Maka, bersama-sama kita saling menjaga pergaulan ikhwan-akhwat. Wahai akhwat?., jagalah
para ikhwan. Dan wahai ikhwan?., jagalah para akhwat. Jagalah agar tidak terjerumus ke dalam
kategori mendekati zina.
Lalu bagaimana jika ikhtilat tidak bisa dihindari lagi ? Cara yang paling umum adalah beramal
dengan ikhlas, gadhul bashar, puasa, hijab fisik dan jaga hati. Namun, jika itu semua belum juga
bisa menundukan pandangan dan membuat hati tenang, maka solusi ini mungkin perlu dicoba,
Nikah. Nikah akan mengalihkan pikiran dari pengharapan-pengharapan yang tidak perlu.

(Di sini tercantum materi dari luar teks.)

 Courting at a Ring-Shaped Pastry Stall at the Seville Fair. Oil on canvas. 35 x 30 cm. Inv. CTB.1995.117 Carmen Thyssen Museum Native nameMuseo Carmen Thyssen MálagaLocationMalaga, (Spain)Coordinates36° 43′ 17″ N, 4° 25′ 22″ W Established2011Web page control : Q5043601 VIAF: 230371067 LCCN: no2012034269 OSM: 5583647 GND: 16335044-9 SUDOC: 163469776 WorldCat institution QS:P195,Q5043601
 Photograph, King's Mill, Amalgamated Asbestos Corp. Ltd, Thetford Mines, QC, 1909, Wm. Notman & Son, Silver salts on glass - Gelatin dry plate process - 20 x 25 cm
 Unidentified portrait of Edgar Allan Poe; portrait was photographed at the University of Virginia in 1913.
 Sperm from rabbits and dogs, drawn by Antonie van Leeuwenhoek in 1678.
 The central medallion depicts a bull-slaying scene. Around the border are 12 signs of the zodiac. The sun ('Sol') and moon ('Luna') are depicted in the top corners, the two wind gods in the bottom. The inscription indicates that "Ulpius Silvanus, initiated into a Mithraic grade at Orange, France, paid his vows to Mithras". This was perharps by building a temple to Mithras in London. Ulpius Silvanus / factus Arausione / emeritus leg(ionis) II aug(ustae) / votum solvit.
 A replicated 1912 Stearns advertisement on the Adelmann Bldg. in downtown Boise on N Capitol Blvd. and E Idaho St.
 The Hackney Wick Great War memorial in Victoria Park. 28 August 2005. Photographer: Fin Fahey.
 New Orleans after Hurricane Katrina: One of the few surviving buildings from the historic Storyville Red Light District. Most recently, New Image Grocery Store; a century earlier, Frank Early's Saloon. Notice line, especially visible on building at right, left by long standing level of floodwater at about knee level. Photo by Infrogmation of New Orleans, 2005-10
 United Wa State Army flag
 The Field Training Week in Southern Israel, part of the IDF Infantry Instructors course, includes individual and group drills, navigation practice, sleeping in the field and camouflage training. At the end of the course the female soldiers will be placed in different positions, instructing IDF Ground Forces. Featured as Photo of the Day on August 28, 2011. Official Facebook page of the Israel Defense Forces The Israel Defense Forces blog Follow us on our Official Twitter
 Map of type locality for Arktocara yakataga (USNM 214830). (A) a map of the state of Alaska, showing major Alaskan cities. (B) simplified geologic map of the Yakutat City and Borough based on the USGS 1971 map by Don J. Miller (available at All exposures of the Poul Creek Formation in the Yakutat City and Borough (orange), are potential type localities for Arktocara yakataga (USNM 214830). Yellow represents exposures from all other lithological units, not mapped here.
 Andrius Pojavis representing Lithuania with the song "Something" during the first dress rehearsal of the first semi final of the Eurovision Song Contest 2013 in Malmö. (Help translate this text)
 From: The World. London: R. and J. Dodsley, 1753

Pengharapan yang selama ini menghantui telah berwujud menjadi bidadari yang setia menanti di
rumah sendiri. Kalaupun ada godaan syetan di tengah jalan, ya, tinggal pulang saja. Di rumah
ada yang halal kok.
Seperti yang ana ungkapkan di awal bahwa cinta sejati yang hakiki hanya akan terwujud jika
telah melewati gerbang pernikahan ini. Jika belum melewatinya, ana masih menganggapnya
syubhat. Sementara syubhat dan snafsu hanya bisa dihalalkan lewat jalur pernikahan.
“Ya Rabbi?, istiqomahkanlah kami di jalan-Mu. Jangan sampai kami tergelincir ataupun terkena
debu-debu yang dapat mengotori perjuangan kami di jalan-Mu, yang jika saja Engkau tak
tampakkan kesalahan-kesalahan itu pada kami sekarang, niscaya kami tak menyadari kesalahan
itu selamanya.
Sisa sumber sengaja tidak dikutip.